Tuesday, November 12, 2013

Loretta's Alone in the World

A man sits on a park bench, casually feeding pigeons.  He is dressed in dinner clothes; he appears to be quite wealthy, both in his garb and demeanor.  Beside him, a young woman quietly cries.  He brusquely asks her why.  She has lost her job, and hasn't eaten for 2 days.  He opines that there is absolutely no reason for her to starve, and whisks her off for a meal.  Thus begins Man's Castle (1933), a precode film, starring Spencer Tracy as Bill and Loretta Young as Trina. 

Considering the disposable nature of movies in this period, and the fact that the plot centers on a couple living together without benefit of marriage, it is fascinating that the film was reissued in 1938, with about 9 minutes of content deleted (this is the cut of the film we can see today).  Included in these cuts is a shot of Loretta Young jumping nude into the water.  Yet, even with this elimination, it is obvious that Trina (who we see enter the water) is skinny-dipping.  It's puzzling how even this version was able to pass the censors.
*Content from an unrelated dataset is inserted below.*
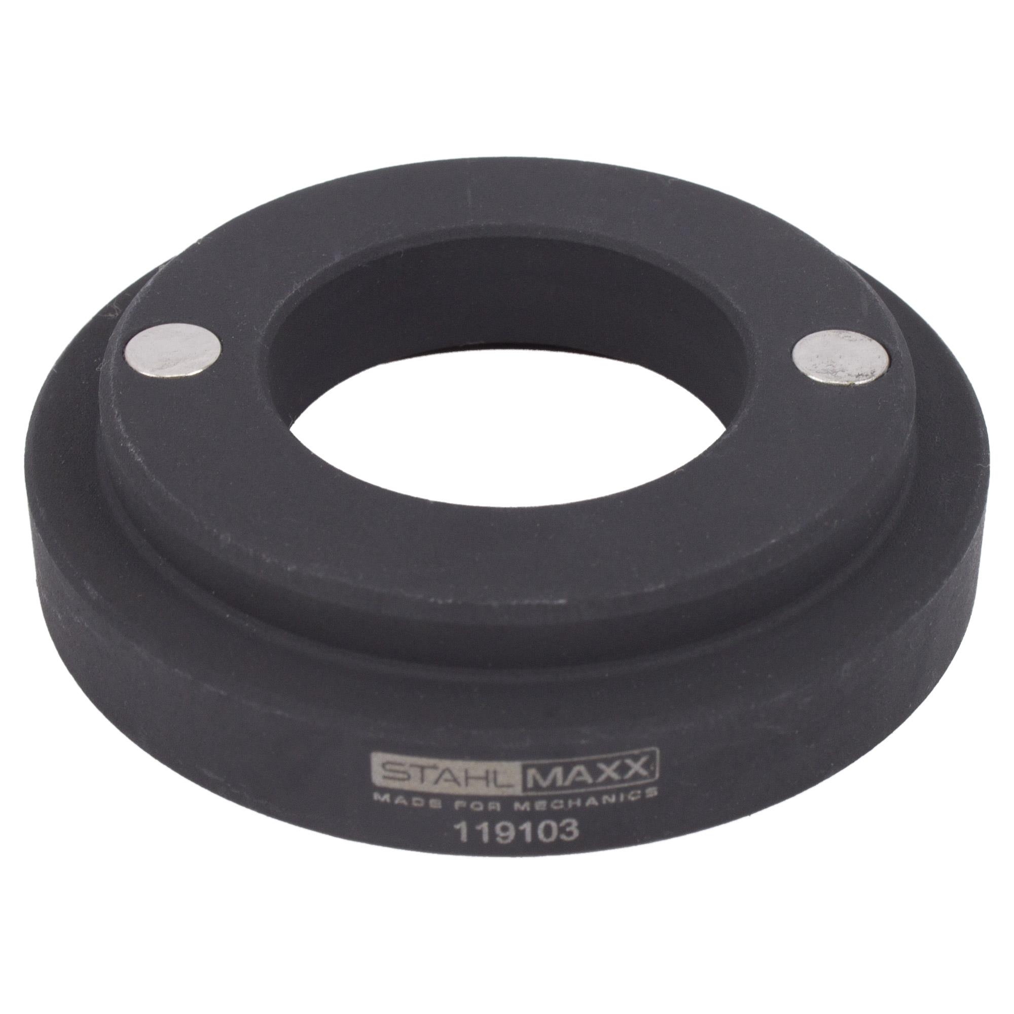 - Magnetische Adapterplatte zur Zentrierung von Zug- und Drückhülsen.

A shortened version of Man's Castle was also aired twice (in 1939 and 1941) on the Lux Radio Theatre, both times with Spencer Tracy reprising his role.
 
Set amid the Depression, Man's Castle presents a picture of a man running from responsibility and the woman who loves him and is willing to tolerate his constant dreaming.  We found Bill very much like the little boy who smacks you to tell  you he likes you.  Though it is apparent that he loves Trina, he is constantly plaguing her with speeches about his eminent departure.  He continually belittles her, calling her Whoositz", and poo-pooing her dreams of a future. Bill is a pipe dreamer, with little grasp of reality.  Even his attempts to steal enough money so that Trina can live comfortably demonstrate his immaturity.
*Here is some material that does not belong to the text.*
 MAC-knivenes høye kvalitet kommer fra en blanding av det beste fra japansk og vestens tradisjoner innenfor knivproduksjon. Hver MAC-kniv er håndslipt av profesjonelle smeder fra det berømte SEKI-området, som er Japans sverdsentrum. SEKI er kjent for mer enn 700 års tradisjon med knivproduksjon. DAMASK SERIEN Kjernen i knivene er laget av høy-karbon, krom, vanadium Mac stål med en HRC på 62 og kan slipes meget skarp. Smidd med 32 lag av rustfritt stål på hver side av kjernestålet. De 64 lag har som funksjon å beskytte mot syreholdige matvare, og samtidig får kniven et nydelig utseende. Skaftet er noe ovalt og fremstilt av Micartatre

Though we have no real back-story on either character, it is clear that Trina recently became unemployed.  What she did before she met Bill is not discussed.  She also has been evicted from her apartment; again, it is clear that this is a recent event.  Despite her loneliness and destitution, Trina retains a positive view of life, and of Bill.  While Bill thinks he is smart, is is clear that Trina is much smarter than he is. She is able to run the house; she plans for them both, and (while she fears his departure), she knows his heart better than he knows it himself.
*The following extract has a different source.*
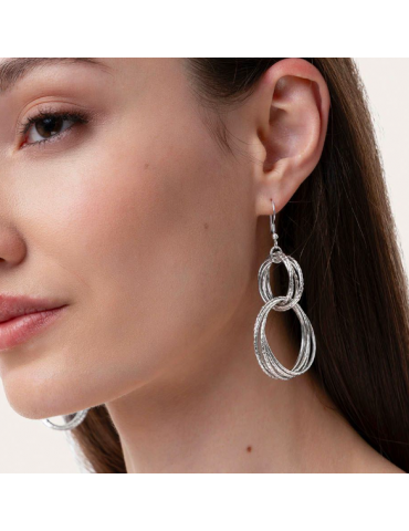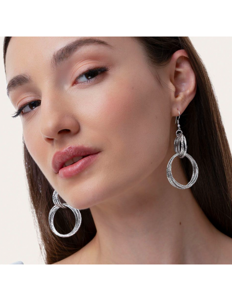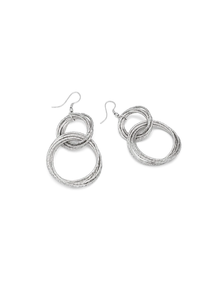 Orecchini pendenti a cerchi multipli martellati, riflessi irregolari che catturano la luce con eleganza. Ideali per completare look da cerimonia o per dare luminosità al daily wear. Placcatura argento 100% artigianale. Nickel tested. Lavorazione artigianale. Gioielli fatti a mano, unici e artigianali, perfetti per tutti i tuoi look o come idea regalo.

The real-life relationship between Loretta Young and Spencer Tracy is discussed in this TCM article.  The couple fell in love, but as we discussed last week, marriage between the two was as impossible here as it would be for Young and Gable several years later.  Ultimately, Young decided to end what had become a very public affair. 
As always, we have some interesting character performances here.  We've seen the Marjorie Rambeau before, when she played Ginger Roger's mother in Primrose Path.   Here, as Trina's only real friend,  the alcoholic Flossie, she becomes the avenging angel for pair against the rather distasteful Bragg (Arthur Hohl).  She is both sympathetic and frightening.  It becomes obvious early on in the film that things will not end well for Flossie.

Always delightful is Walter Connolly as Ira.  A man of religion, Ira also protects Trina and Bill.  But where Flossie's response to the events of her life are anger and escape, Ira looks at life squarely, and looks to his God for guidance.